What is a crawler? Everything you want to know

Share

Share on facebook
Share on twitter
Share on pinterest
Share on whatsapp
crawler

What is a crawler a patrol program that acquires information such as text and images from websites on the Internet and automatically creates a search database.
This program is also called a “Bot”, “Spider”, or “Robot”.
In particular, in the case of Google’s search engine, there is a crawler called “Googlebot”.
If you improve the crawl ability by making it easier for this crawler to search, you can properly deliver website information to users.
This is good SEO .

On the other hand, if crawl ability is poor, information on the website is difficult to recognize.
In this case, not indexed or incomplete information is indexed.
As a result, the information of the website does not reach the search user properly, and it does not lead to the improvement of search ranking and search traffic.

To avoid such bad situations, understand how crawlers work and make your content crawlable.
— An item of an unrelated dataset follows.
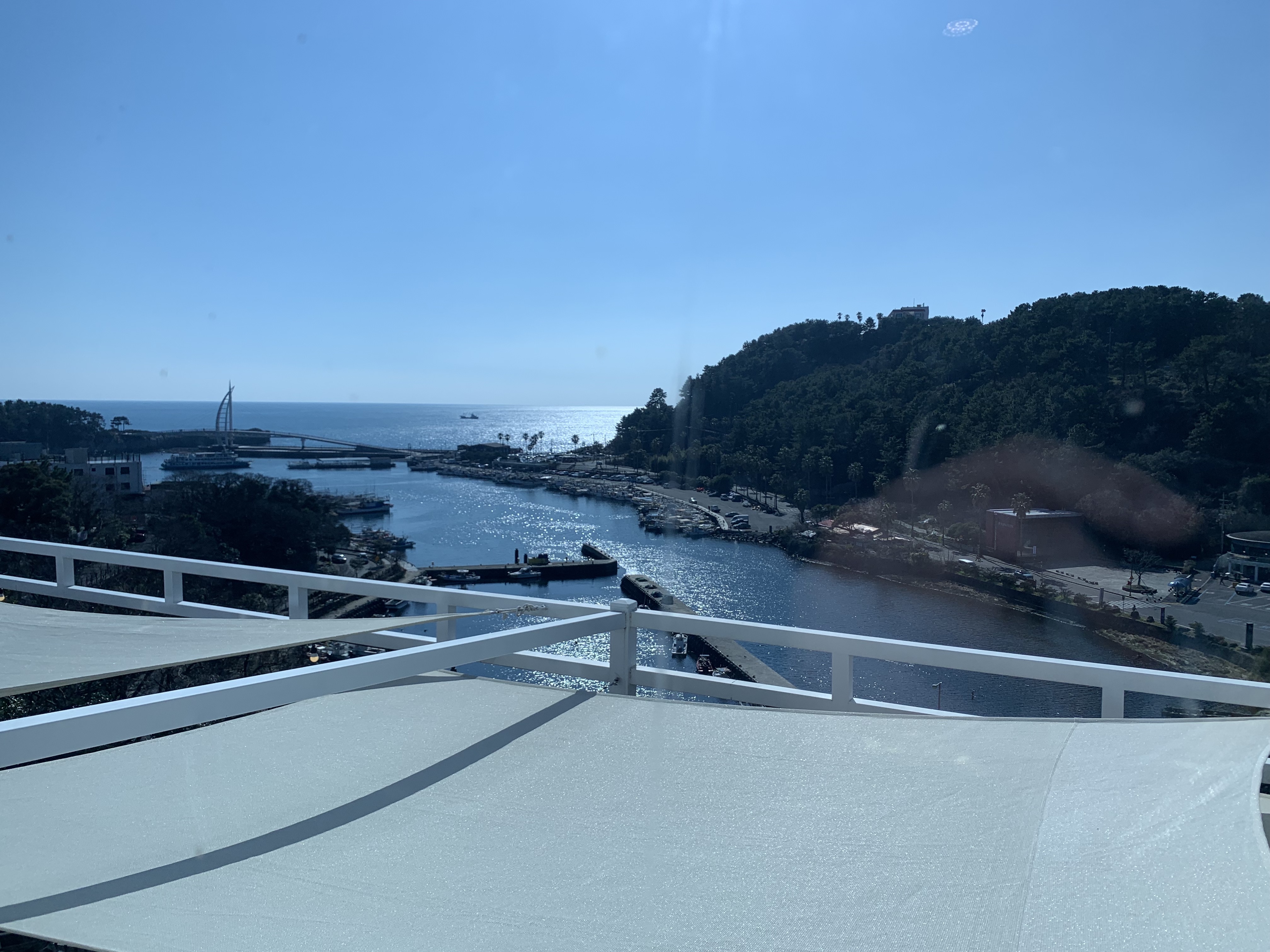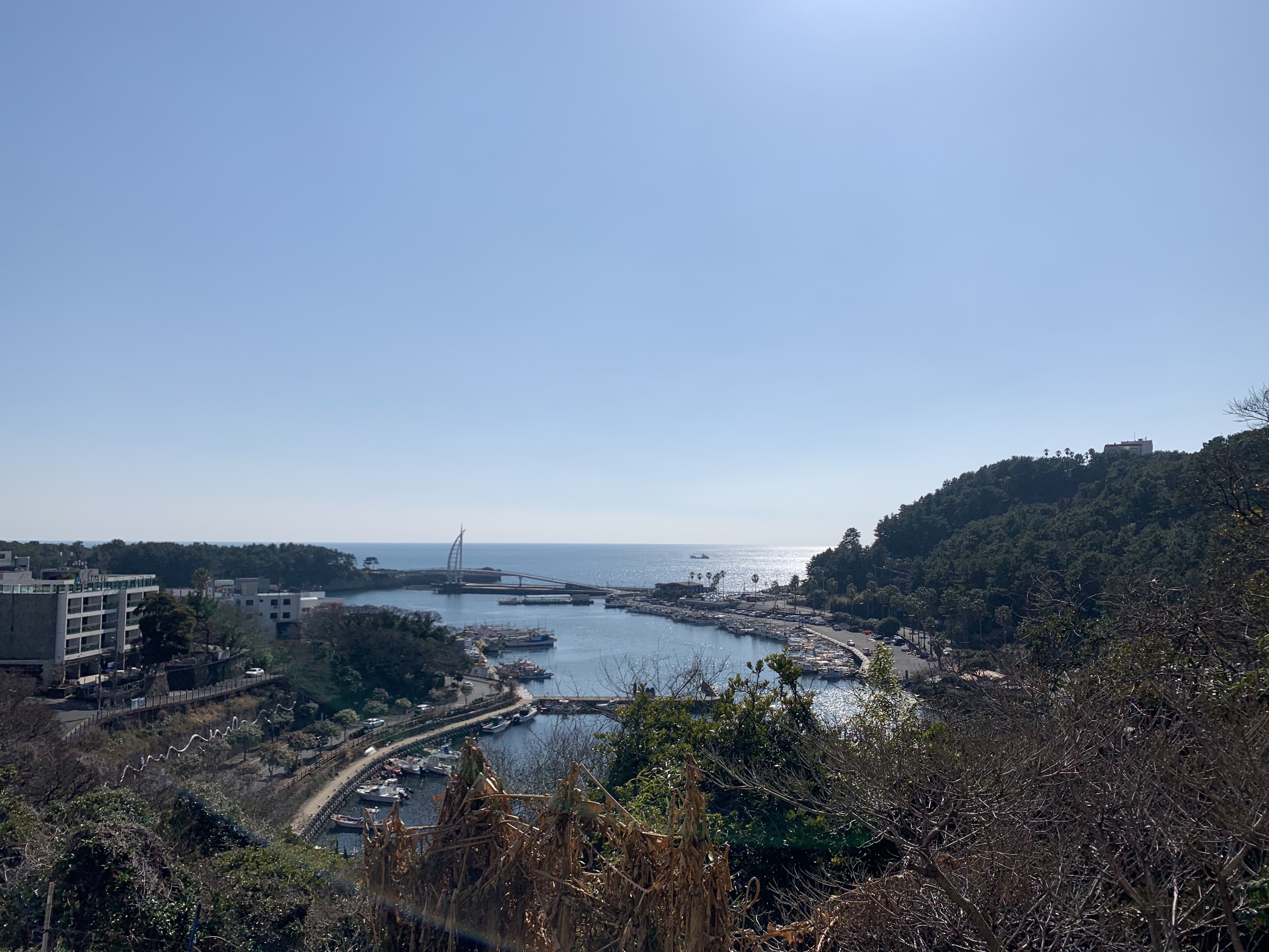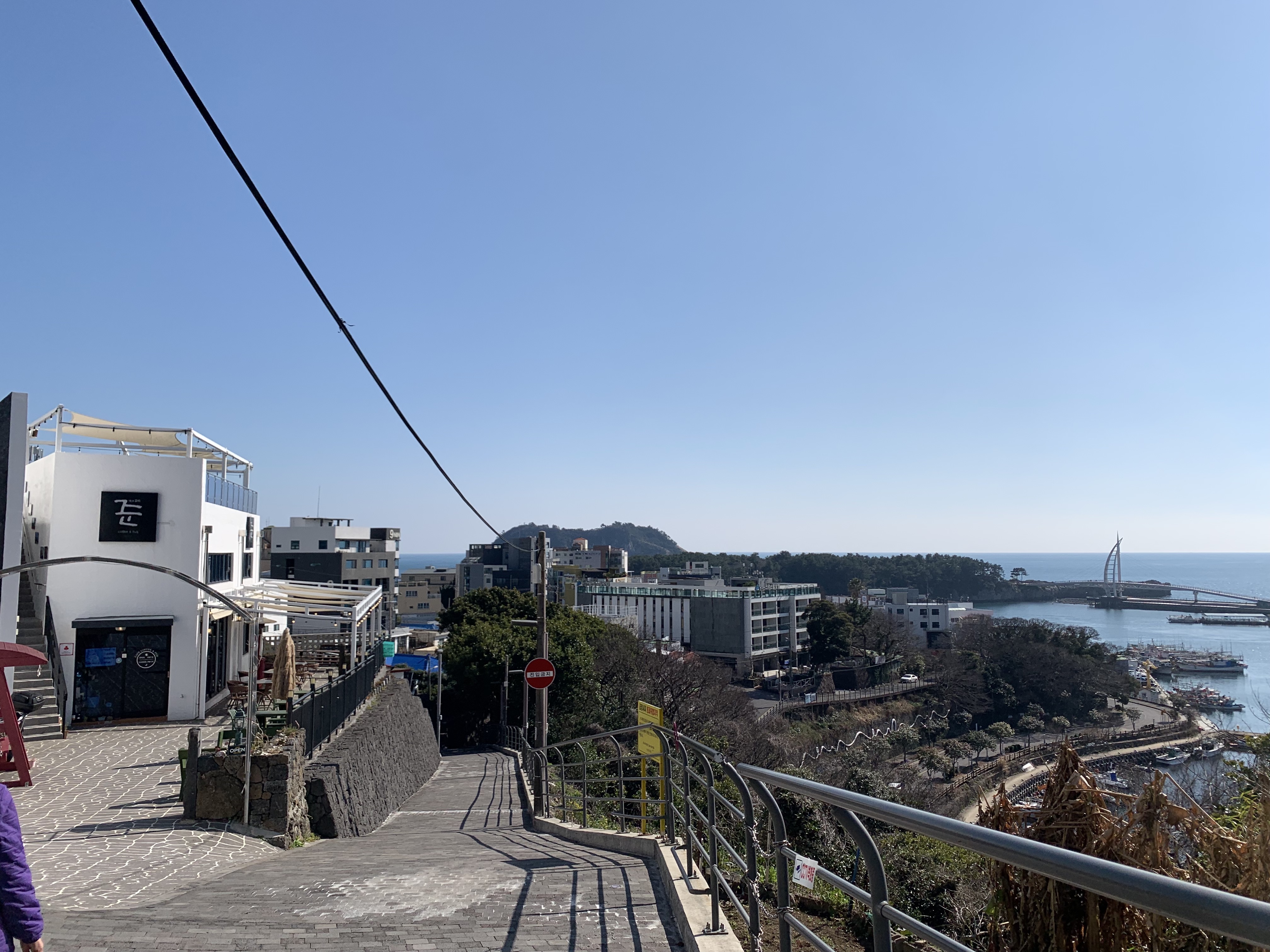 카페 2층에서 천지연 주차장이 바로 보이고, 새연교가 있는 포구를 바로 볼 수 있습니다.

Based on this point, this time, I would like to explain the points that are easy for beginners to understand, focusing on the meaning and mechanism of crawlers, crawler countermeasures (crawling countermeasures), etc.

What is a crawler?

What is a crawler patrol program that acquires information such as text and images from websites on the Internet and automatically creates a search database.
This program is also called a “Bot”, “Spider”, or “Robot”.
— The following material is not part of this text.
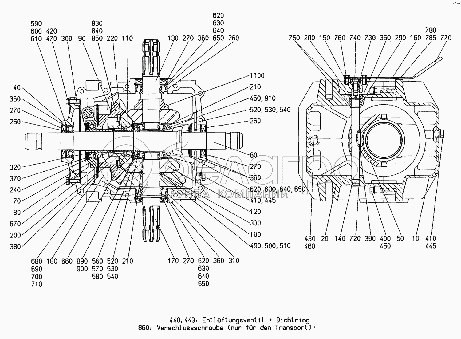 Каталог запасных частей к технике: Lemken Zirkon 10/450K. Gear box Zirkon 10/400-600 K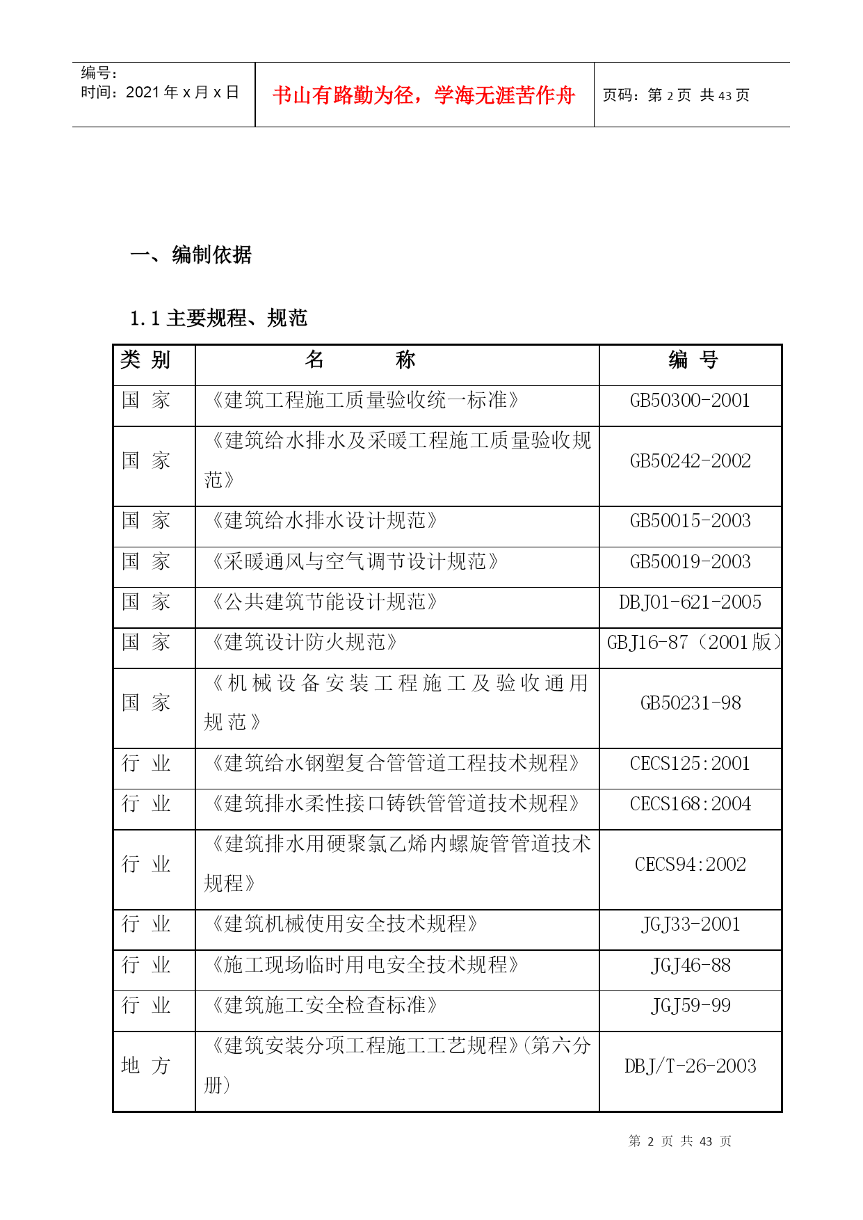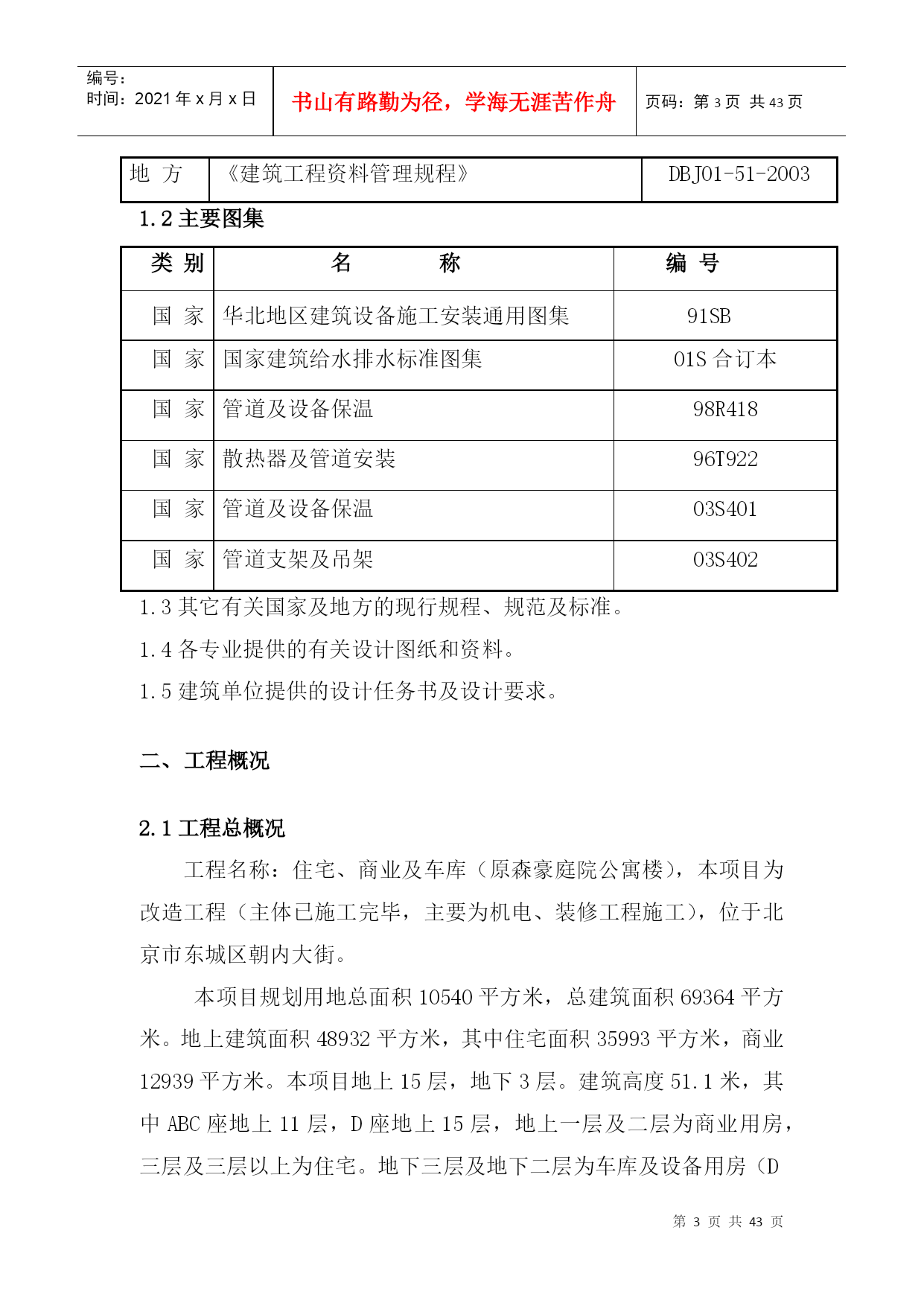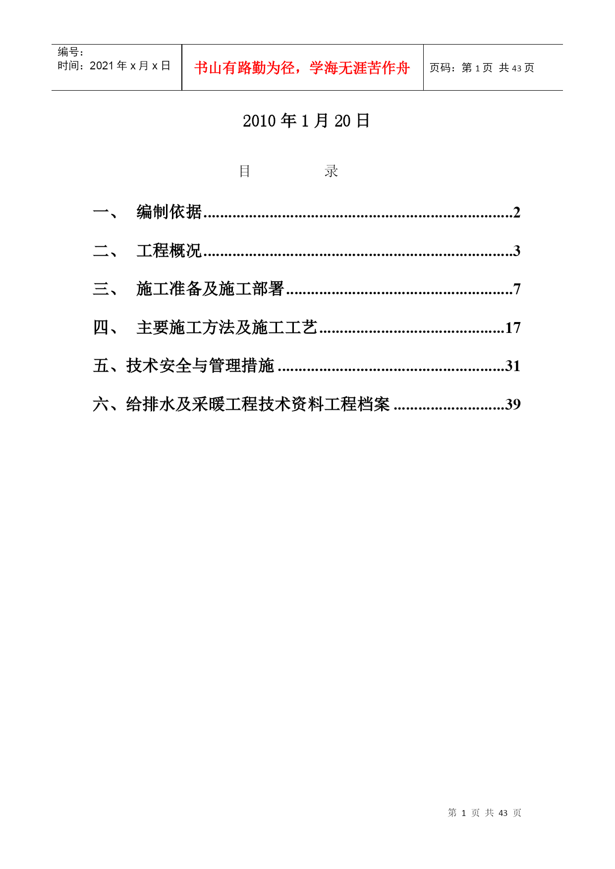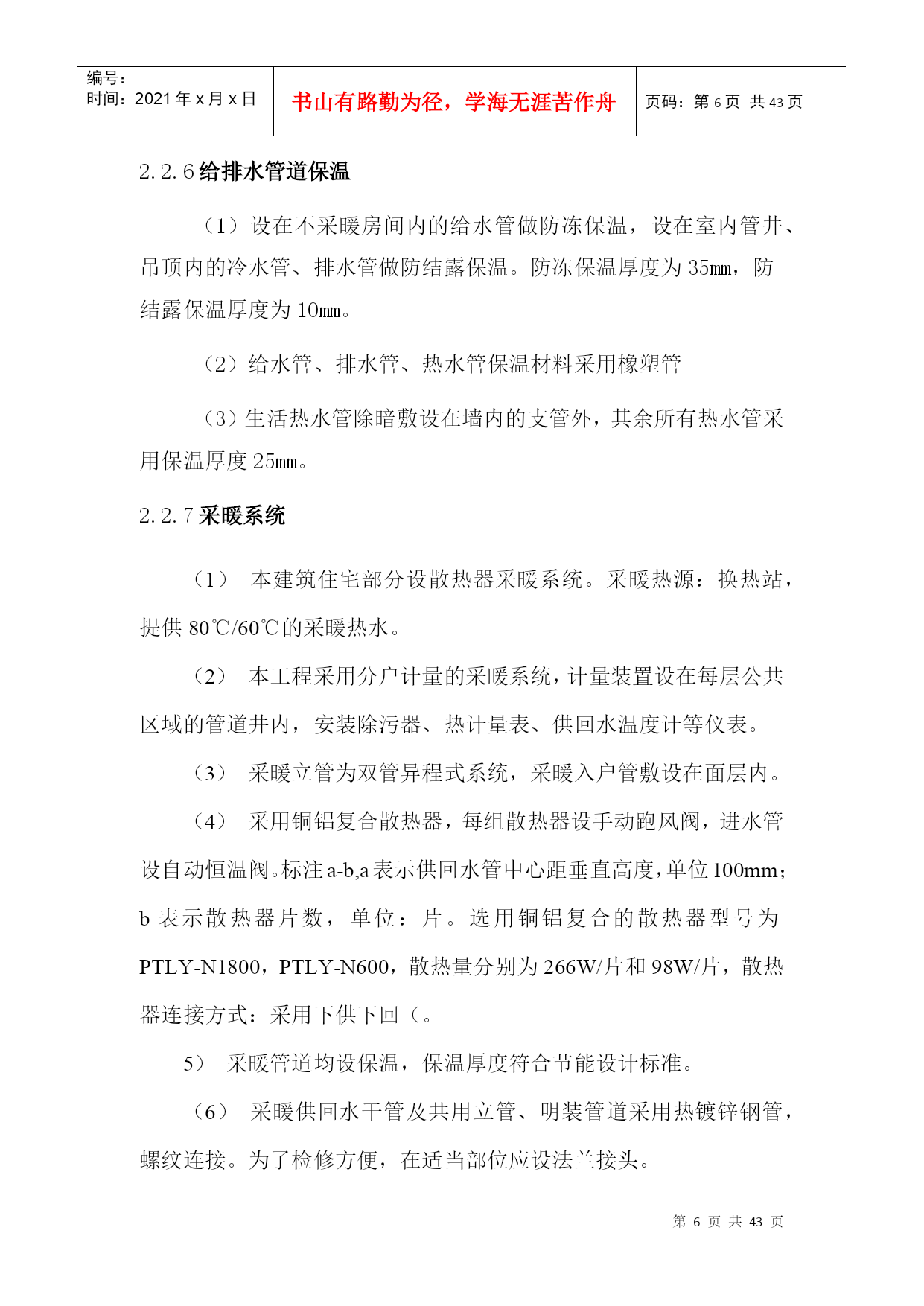 编号:时间:2021年x月x日书山有路勤为径,学海无涯苦作舟页码:第PAGE42页共NUMPAGES43页第PAGE\*MERGEFORMAT42页共NUMPAGES\*MERGEFORMAT43页给排水及采暖专业施工方案2010年1月20日目录TOC\o"1-3"\h\z\uHYPERLINK\l"_Toc255892350"一、编制依据PAGEREF_Toc255892350\h2HYPERLINK\l"_Toc255892351"二、工程概况PAGEREF_Toc255892351\h3HYPERLINK\l"_Toc255892352"三、施工准备及施工部署PAGEREF_Toc255892352\h7HYPERLINK\l"_Toc255892353"四、主要施工方法及施工工艺PAGEREF_Toc255892353\h17HYPERLINK\l"_Toc255892354"五、技术安全与管理措施PAGEREF_Toc255892354\h31HYPERLINK\l"_Toc255892355"六、给排水及采暖工程技术资料工程档案PAGEREF_Toc255892355\h39编制依据1.1主要规程、规范类别名称编号国家《建筑工程施工质量验收统一标准》GB50300-2001国家《建筑给水排水及采暖工程施工质量验收规范》GB50242-2002国家《建筑给水排水设计规范》GB50015-2003国家《采暖通风与空气调节设计规范》GB50019-2003国家《公共建筑节能设计规范》DBJ01-621-2005国家《建筑设计防火规范》GBJ16-87(2001版)国家《机械设备安装工程施工及验收通用规范》GB50231-98行业《建筑给水钢塑复合管管道工程技术规程》CECS125:2001行业《建筑排水柔性接口铸铁管管道技术规程》CECS168:2004行业《建筑排水用硬聚氯乙烯内螺旋管管道技术规程》CECS94:2002行业《建筑机械使用安全技术规程》JGJ33-2001行业《施工现场临时用电安全技术规程》JGJ46-88行业《建筑施工安全检查标准》JGJ59-99地方《建筑安装分项工程施工工艺规程》(第六分册)DBJ/T-26-2003地方《建筑工程资料管理规程》DBJ01-51-20031.2主要图集类别名称编号国家华北地区建筑设备施工安装通用图集91SB国家国家建筑给水排水标准图集01S合订本国家管道及设备保温98R418国家散热器及管道安装96T922国家管道及设备保温03S401国家管道支架及吊架03S4021.3其它有关国家及地方的现行规程、规范及标准。1.4各专业提供的有关设计图纸和资料。1.5建筑单位提供的设计任务书及设计要求。工程概况2.1工程总概况工程名称:住宅、商业及车库(原森豪庭院公寓楼),本项目为改造工程(主体已施工完毕,主要为机电、装修工程施工),位于北京市东城区朝内大街。本项目规划用地总面积10540平方米,总建筑面积69364平方米。地上建筑面积48932平方米,其中住宅面积35993平方米,商业12939平方米。本项目地上15层,地下3层。建筑高度51.1米,其中ABC座地上11层,D座地上15层,地上一层及二层为商业用房,三层及三层以上为住宅。地下三层及地下二层为车库及设备用房(D座为人防);地下一层为商业娱乐用房及设备用房。2.2专业概况2.1.1承包范围施工范围:室内给水、排水、采暖管道系统。包括:生活给水系统、生活热水系统、中水系统、生活污废水系统、雨水系统的管道施工,压力排水系统污水泵的施工;采暖系统管道及散热器施工。2.2.2生活给水系统(1)水源:用地东西两侧各接入一路管径为DN150的市政给水管道,水压为0.25Mpa,出水水质符合现行国家《生活饮用水卫生标准》的要求。最高日生活冷水用水量615立方米,最大时为64立方米。(2)系统形式:本工程三层以下商业及车库部分采用市政水直供。三层以上ABCD座住宅部分采用地下三层的无负压供水设备供水,供水压力0.69Mpa,水量30T/h;住宅3~6层给水入户支管设比例式减压阀,阀后压力0.25Mpa;无负压供水设备应首先取得市政供水有关部门的书面同意意见书并有省级以上单位批准的卫生许可证;该设备在接市政管道给水入口处设倒流防止器。(3)生活冷、热水给水管立管采用钢塑复合管(需达到生活饮用水标准),其中管径≤DN100的采用螺纹连接,管径>DN100采用钢塑法兰连接。生活冷热水给

For example, let’s say you acquired a domain and created a website, and uploaded it to your server.
In this case, the website is published on the Internet.
In order to obtain information such as texts and images on this website, a dedicated program crawls.
This program is called a crawler.

Read Also: What is a long tail keyword? How to choose effectively for SEO!
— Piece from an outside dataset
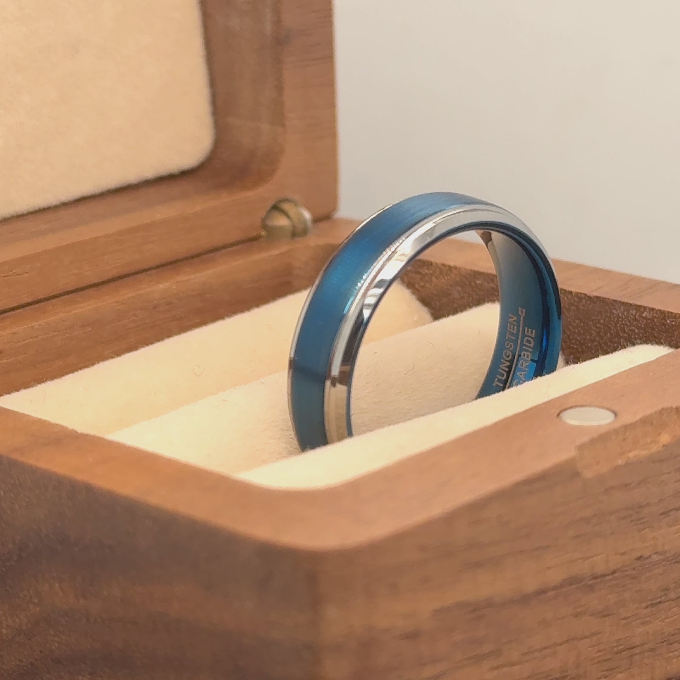 Embrace modern elegance with our Blue IP Brushed Center High Polish Stepped Tungsten Ring. Crafted from premium tungsten carbide, renowned for its durability and scratch-resistance, this ring combines strength with refined aesthetics. The brushed blue IP center adds a touch of boldness, while the high polish stepped edges create a sleek and sophisticated contrast. Whether worn as a wedding band or a statement piece, this ring promises both durability and timeless style. Elevate your ensemble with a ring that reflects your individuality and celebrates your special moments.

Crawler functionality is part of how search engines work

Crawler functions are it’s part of how search engines work.

For example, search engines such as Google, Yahoo, and Bing (Microsoft) are mostly robotic search engines.
This robotic search engine is mainly composed of three mechanisms.

  1. Website page information collected on the Internet is registered in the database
  2. Ranking of pages registered in the database
  3. Display ranked pages in search results

Among these mechanisms, the crawler plays the role of “(1) registering the page information of the website collected on the Internet in the database”.
Crawlers automatically navigate (crawl) by following links from websites that have already been databased. The destination parses the page and processes the information on that page. The processed page information is converted into data that can be easily handled by search algorithms and registered in the database. The crawler is responsible for repeating this flow.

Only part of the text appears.